Pull every line holding the string "Sofa" from the records below.

= Beginning of Section =

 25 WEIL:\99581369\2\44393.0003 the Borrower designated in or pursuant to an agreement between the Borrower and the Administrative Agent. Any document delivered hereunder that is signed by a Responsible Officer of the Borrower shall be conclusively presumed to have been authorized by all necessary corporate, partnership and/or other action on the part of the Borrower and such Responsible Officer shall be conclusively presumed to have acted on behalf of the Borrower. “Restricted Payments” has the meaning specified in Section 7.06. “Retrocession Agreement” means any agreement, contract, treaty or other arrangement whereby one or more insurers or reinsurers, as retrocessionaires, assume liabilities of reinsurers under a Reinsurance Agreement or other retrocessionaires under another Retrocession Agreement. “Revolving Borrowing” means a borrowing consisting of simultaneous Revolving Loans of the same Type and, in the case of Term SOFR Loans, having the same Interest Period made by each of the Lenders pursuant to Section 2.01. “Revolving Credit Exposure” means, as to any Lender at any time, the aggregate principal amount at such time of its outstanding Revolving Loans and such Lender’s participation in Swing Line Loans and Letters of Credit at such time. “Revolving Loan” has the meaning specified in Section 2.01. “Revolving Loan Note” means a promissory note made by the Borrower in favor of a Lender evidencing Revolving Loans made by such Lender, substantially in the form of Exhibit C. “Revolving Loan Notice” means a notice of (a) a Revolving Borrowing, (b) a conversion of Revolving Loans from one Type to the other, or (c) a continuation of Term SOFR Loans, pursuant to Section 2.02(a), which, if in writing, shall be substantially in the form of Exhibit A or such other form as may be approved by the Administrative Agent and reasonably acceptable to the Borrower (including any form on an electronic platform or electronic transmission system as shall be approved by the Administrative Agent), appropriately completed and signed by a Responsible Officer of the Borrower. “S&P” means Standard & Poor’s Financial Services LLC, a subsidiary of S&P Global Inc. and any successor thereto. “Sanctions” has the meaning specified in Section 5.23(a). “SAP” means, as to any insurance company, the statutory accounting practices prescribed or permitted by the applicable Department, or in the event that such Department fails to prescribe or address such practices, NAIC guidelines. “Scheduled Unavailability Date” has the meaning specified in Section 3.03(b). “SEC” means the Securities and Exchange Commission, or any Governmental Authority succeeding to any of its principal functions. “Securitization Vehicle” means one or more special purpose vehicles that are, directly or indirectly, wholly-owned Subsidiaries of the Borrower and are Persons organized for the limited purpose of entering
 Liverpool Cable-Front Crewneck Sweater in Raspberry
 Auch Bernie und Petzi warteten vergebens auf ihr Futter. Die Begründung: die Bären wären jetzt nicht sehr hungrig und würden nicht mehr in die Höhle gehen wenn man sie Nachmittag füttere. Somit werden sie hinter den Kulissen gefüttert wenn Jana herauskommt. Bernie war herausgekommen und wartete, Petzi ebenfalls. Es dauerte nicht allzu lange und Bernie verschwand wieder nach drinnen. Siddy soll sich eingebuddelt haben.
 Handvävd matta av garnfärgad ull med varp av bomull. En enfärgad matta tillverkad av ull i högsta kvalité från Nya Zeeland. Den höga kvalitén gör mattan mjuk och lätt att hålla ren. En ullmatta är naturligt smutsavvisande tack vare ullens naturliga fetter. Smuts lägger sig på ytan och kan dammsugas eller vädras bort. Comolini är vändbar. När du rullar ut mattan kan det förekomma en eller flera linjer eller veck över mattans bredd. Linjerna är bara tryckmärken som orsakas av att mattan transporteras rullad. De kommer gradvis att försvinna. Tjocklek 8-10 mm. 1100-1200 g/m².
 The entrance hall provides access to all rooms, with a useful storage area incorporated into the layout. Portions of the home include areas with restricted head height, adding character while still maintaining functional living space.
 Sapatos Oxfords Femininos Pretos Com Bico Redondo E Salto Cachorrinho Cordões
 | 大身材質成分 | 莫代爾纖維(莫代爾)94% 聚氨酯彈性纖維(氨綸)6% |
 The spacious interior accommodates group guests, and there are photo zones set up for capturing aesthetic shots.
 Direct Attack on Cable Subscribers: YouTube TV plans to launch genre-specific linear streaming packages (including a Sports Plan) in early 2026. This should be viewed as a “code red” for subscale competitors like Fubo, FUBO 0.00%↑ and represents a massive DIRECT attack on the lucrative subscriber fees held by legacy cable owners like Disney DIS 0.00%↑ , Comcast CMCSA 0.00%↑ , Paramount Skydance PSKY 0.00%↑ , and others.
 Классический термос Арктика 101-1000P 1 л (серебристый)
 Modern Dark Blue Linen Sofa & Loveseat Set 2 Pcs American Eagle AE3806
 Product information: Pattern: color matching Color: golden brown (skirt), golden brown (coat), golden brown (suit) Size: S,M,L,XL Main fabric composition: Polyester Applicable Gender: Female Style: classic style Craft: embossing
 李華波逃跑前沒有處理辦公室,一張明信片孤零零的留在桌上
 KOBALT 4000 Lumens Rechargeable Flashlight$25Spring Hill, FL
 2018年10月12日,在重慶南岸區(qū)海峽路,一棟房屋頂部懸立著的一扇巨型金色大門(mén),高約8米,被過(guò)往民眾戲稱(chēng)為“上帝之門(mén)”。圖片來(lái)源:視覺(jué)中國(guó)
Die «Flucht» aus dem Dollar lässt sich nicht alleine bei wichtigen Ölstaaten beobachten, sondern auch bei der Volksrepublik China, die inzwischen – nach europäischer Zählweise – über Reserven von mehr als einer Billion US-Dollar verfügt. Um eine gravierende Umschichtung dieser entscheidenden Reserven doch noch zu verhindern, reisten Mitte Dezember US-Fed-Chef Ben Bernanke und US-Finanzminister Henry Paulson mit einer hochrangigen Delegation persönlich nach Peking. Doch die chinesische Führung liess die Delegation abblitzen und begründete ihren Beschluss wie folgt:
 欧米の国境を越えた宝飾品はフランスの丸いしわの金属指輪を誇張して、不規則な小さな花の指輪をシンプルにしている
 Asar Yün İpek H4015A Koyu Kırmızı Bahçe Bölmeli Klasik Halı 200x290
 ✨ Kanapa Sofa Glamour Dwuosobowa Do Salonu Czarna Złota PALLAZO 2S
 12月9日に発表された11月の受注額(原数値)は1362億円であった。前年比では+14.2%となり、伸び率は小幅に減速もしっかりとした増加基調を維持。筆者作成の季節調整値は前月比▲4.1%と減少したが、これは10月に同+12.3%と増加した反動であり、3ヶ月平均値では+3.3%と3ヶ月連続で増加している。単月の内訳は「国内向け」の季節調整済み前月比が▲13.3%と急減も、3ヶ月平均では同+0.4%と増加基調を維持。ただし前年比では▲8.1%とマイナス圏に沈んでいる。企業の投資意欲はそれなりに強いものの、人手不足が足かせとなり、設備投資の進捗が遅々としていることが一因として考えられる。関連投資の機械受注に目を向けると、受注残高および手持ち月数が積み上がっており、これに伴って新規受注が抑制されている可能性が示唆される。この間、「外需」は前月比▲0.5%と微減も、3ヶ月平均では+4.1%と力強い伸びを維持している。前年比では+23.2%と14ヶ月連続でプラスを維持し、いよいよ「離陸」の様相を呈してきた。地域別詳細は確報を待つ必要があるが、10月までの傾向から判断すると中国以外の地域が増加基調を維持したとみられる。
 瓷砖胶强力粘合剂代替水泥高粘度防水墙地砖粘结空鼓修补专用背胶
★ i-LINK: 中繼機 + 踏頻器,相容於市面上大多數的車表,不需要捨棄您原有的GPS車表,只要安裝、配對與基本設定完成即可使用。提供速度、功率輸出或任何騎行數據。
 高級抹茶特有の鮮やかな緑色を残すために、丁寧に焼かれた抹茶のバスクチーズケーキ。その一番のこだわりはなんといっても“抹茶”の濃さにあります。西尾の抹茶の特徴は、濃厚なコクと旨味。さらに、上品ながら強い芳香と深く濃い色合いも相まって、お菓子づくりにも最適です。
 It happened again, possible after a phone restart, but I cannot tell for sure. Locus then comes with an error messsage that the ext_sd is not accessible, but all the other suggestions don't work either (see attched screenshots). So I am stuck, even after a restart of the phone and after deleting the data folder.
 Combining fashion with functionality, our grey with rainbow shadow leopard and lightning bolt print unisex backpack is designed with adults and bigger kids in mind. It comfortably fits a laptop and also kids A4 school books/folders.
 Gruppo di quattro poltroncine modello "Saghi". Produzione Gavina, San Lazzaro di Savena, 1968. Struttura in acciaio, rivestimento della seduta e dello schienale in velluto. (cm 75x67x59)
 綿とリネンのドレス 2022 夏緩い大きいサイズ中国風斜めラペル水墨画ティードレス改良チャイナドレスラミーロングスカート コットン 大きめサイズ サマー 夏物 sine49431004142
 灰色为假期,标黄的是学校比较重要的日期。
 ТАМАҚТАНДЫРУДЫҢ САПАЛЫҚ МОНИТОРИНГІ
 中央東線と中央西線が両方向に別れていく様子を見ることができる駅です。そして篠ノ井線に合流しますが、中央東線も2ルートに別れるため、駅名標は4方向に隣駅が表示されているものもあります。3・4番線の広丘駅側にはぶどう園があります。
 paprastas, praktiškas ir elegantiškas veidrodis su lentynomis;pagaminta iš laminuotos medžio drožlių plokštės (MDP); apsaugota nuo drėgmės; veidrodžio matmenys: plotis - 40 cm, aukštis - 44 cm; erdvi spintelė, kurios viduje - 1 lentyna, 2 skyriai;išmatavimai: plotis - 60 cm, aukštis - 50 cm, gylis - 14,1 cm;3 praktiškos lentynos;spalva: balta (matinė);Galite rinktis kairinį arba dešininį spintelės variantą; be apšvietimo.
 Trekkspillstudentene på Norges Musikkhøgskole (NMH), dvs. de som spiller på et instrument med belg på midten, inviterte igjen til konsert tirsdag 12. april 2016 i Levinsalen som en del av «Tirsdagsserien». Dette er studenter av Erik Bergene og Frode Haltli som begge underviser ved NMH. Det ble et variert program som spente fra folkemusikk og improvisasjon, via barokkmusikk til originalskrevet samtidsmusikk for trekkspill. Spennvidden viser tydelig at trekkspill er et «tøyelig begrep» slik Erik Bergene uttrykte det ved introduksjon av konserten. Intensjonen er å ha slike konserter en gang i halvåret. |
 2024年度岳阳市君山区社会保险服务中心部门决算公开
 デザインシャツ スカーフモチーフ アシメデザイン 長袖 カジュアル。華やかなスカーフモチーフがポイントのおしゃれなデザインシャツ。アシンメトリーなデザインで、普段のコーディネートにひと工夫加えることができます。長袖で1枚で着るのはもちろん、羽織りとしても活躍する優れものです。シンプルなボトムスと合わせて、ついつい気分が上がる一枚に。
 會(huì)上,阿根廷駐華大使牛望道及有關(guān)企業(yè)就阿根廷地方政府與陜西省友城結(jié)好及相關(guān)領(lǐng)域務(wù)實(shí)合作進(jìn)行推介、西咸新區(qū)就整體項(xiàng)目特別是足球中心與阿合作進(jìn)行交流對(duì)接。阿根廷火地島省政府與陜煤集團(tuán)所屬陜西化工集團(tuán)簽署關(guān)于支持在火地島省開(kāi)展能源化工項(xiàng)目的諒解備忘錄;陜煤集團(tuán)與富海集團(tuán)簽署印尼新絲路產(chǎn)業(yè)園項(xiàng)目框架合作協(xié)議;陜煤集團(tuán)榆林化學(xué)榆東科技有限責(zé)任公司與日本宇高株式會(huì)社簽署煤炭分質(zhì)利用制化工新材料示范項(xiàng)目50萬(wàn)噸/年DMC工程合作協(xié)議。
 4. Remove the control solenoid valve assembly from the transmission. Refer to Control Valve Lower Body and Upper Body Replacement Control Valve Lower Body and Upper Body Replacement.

= End of Section =

Task output:
 Modern Dark Blue Linen Sofa & Loveseat Set 2 Pcs American Eagle AE3806
 ✨ Kanapa Sofa Glamour Dwuosobowa Do Salonu Czarna Złota PALLAZO 2S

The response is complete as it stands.